This fall we’ve been working extensively with executive teams striving to transform their cultures to boost safety, customer service, quality, and leadership at all levels. I wrote about some of this work around our Commitment Continuum in an earlier blog post which was also published in our October issue of The Leader Letter (“Lasting Culture Change Means Going Beyond Passionate Lip Service to Involved Leadership”).
We hear many sermons given by senior managers preaching the virtues of improving service/quality, safety, efficiency, or better leading (“people: our most important resource”). In turn, executives are causing their managers to place their left hand over their heart, raise their right hand and pledge allegiance to teamwork, customers, accountability, employee engagement, change, and the like.

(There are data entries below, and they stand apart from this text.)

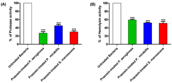 QS modulates the production of diverse virulence extracellular enzymes like lipase, protease, elastase, hemolysins, urease, and other virulence factors [14]. The production of these enzymes facilitates the spread and establishment of bacterial infections into host tissues [21,54,55]. For instance, proteolytic and hemolytic activities significantly enhance bacterial pathogenesis [54,55]. Prazosin significantly decreased P. aeruginosa, P. mirabilis, and S. marcescens production of hemolysins and proteases. In agreement with the in vitro phenotypic prazosin anti-virulence activities; prazosin at sub-MIC showed a significant reduction in the killing capacity of P. aeruginosa, P. mirabilis, and S. marcescens, protecting the tested mice.
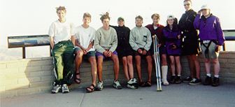 | here's the joshua tree crew from my second trip. From left to right: eric, jeff, mark (the most photographed man here) suzanne, me, joe who broke his ankle the sencond day there and hobled everywhere on one leg...his quads are steel, laura, garbos, kerry....missing-timmy, colleen, our intrepid leaders. | |||||
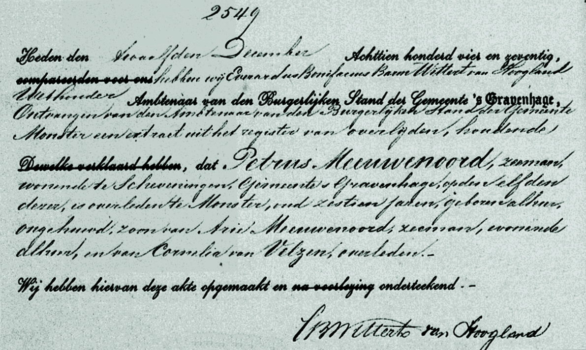 * Petrus Meeuwenoord - de zoon van de schipper- spoelde op 11 december op het strand nabij Monster aan.
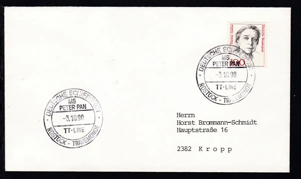 DEUTSCHE SCHIFFSPOST MS PETER PAN TT-SAGA-LINE TRAVEMÜNDE-TRELLEBORG 17.01.85
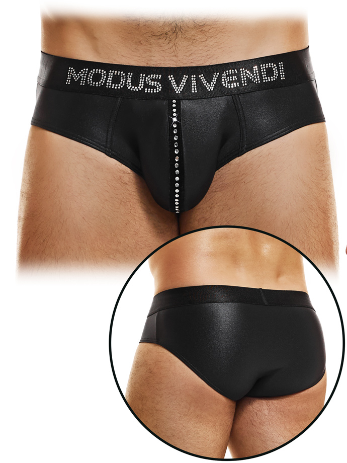Le Slip Classique Flashy s'adapte parfaitement à votre corps et la large bande élastique, avec son logo Modus Vivendi accrocheur en pierres de cristal thermoformées, repose confortablement sur vos hanches pour vous assurer le meilleur confort possible. La partie latérale de ce slip est agréablement large pour mettre en valeur vos jambes et souligner visuellement la poche avant.
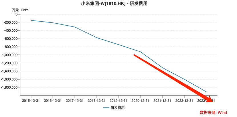 2023年理想汽车研发费用106亿元,小鹏53亿元,蔚来134亿元,刚刚赴美上市的极氪汽车支出84亿元,小米在2021年初宣布造车,其后研发费用经历了跳跃式增长,2023集团研发费用支出超过190亿元,花费在汽车方面应该也不会低于90亿元。
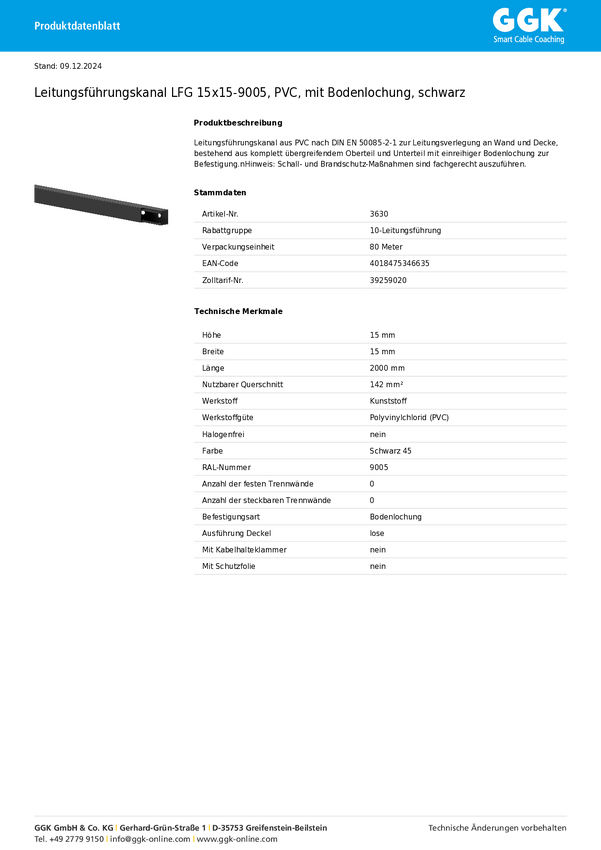 Kanał kablowy GGK 3631 72 m
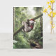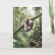 Uma preguiça vestindo um chapéu de Papai Noel vermelho e branco e um cachecol vermelho pendura confortavelmente de um galho no meio de uma floresta verde e luxuosa
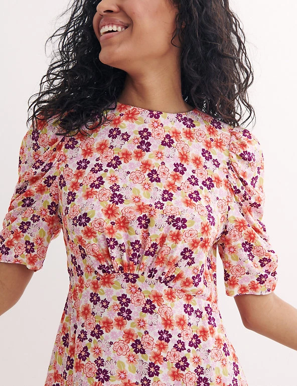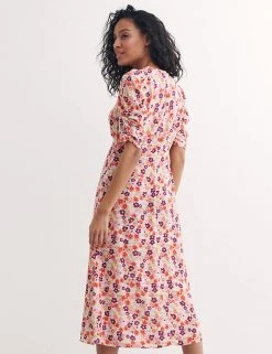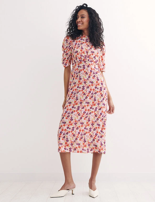 Your next summery occasion calls for this colourful floral dress by Nobody’s Child. Its regular fit, empire waist and midi length combine to create an elegant silhouette. Ruched short sleeves lend welcome volume to the slender shape. Made with sustainably sourced viscose. Nobody’s Child designs are cut to a form-fitting shape, so if you’re looking for a more relaxed fit, we recommend choosing the next size up.
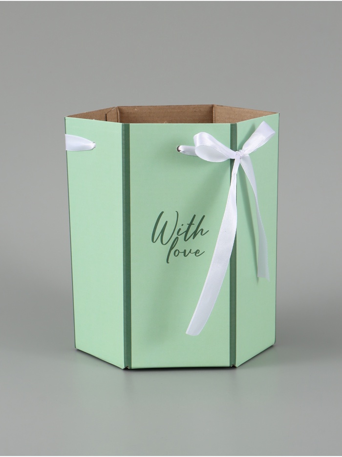 Коробка - переноска подарочная для цветов «С любовью», 17×14.8×19.5 см, шестигранник

But little changes. The people on the frontlines actually selling, making, delivering, or supporting the products or services grow ever more wary and cynical about the rising din of words and inconsistent actions. In many executive retreats we’ve facilitated, a common issue — and often a source of frustration — emerges: how do we get our people to be more concerned about service, quality, innovation, teamwork, safety, continuous improvement, or whatever values and priorities the executive team has determined it wants to instill? The frustration comes from a sense that managers, supervisors, and frontline performers aren’t getting the message. They need to be “smartened up.”

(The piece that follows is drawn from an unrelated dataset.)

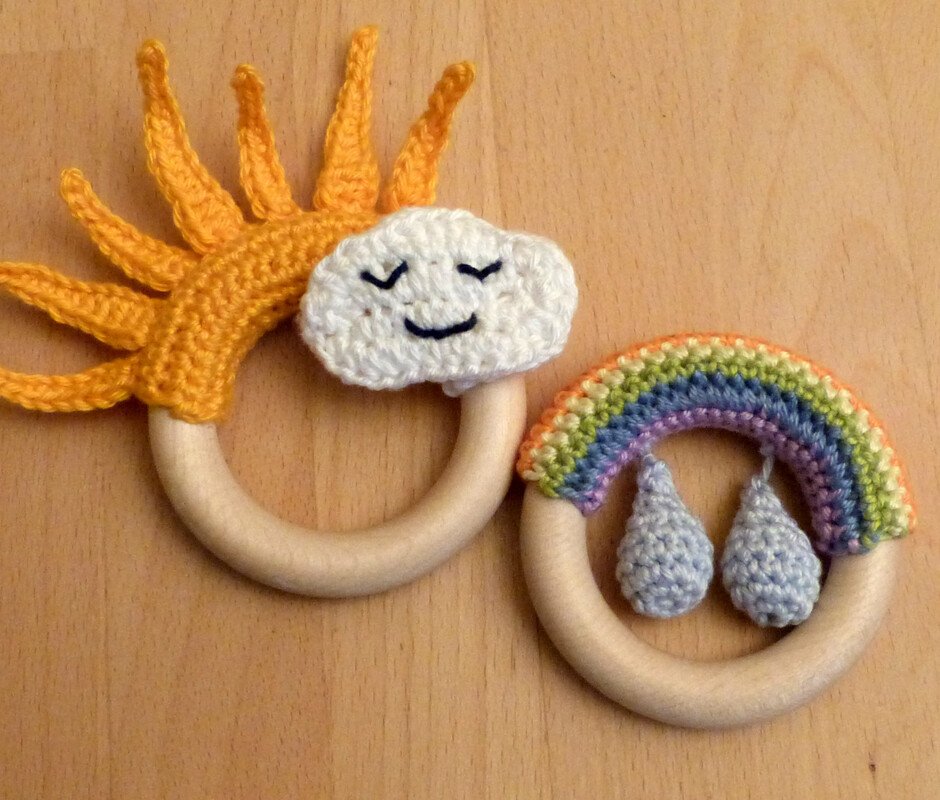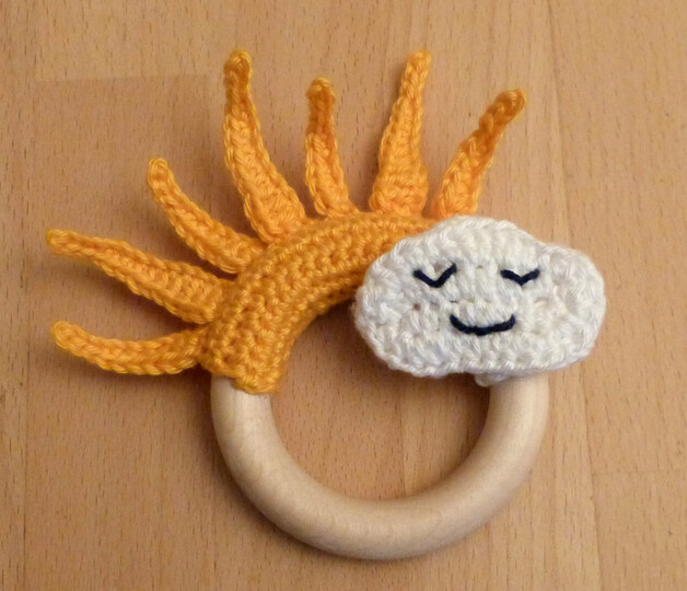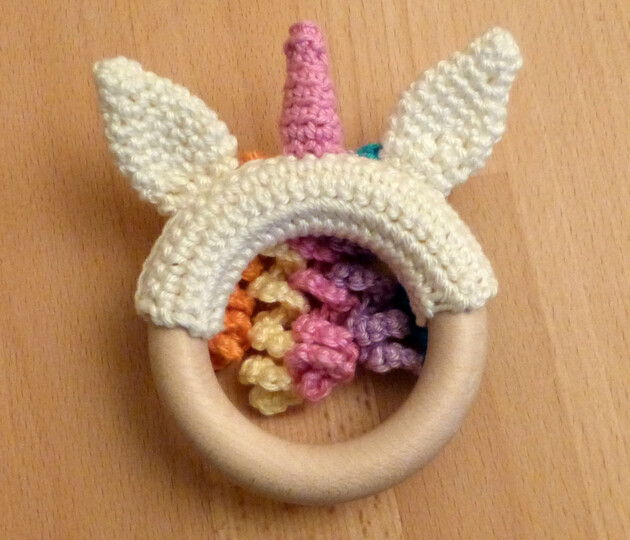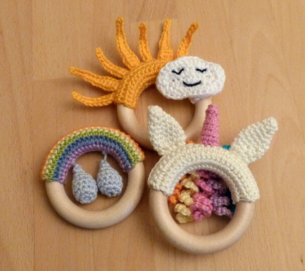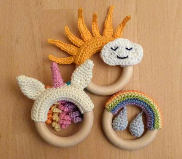 Ein Greifling ist ein tolles erstes Spielzeug für Babys ab ca. 3 Monaten und bietet viele Möglichkeiten, motorische und sensorische Fähigkeiten zu trainieren: Man kann ihn fühlen, greifen und sehen. Der Holzring kann in den Mund gesteckt werden und auch hilfreich beim Zahnen sein. Das gehäkelte Spielzeug ist leicht und es geht nicht kaputt, wenn es mal runterfällt! Es werden die 3 Modelle Einhorn mit Regenbogen-Mähne, Regenbogen mit Regentropfen und Sonne mit Schönwetter-Wolke beschrieben.

Values are a contagious affliction that spreads from a team or organization’s leaders. The key question is: are yours worth catching? As we survey customers, audit the cultural climate, and work with others throughout the organization, it’s clear that everyone is marching to roughly the same beat as the management team at the top of the department, division, or company. The values are being followed and lived by the majority of the organization — that is, the values as exemplified by senior management actions. All too often, senior managers don’t recognize their own values being reflected back to them. Their intended values are out of step with their lived values.
Senior executives live in an organizational fishbowl. Every word and action is analyzed and studied for its deeper meaning of what’s really important. These individual stories and examples are discussed throughout the organization and become part of the folklore from which organizational members define priorities, meaning, and culture. E-mails quickly fired back or forwarded with unguarded comments, a casual aside at a meeting, what’s first on meeting agendas, who’s invited, what seems to be uppermost on the senior executive’s mind according to the questions he or she asks — these all become grist for discussion and interpretation of what senior management values most.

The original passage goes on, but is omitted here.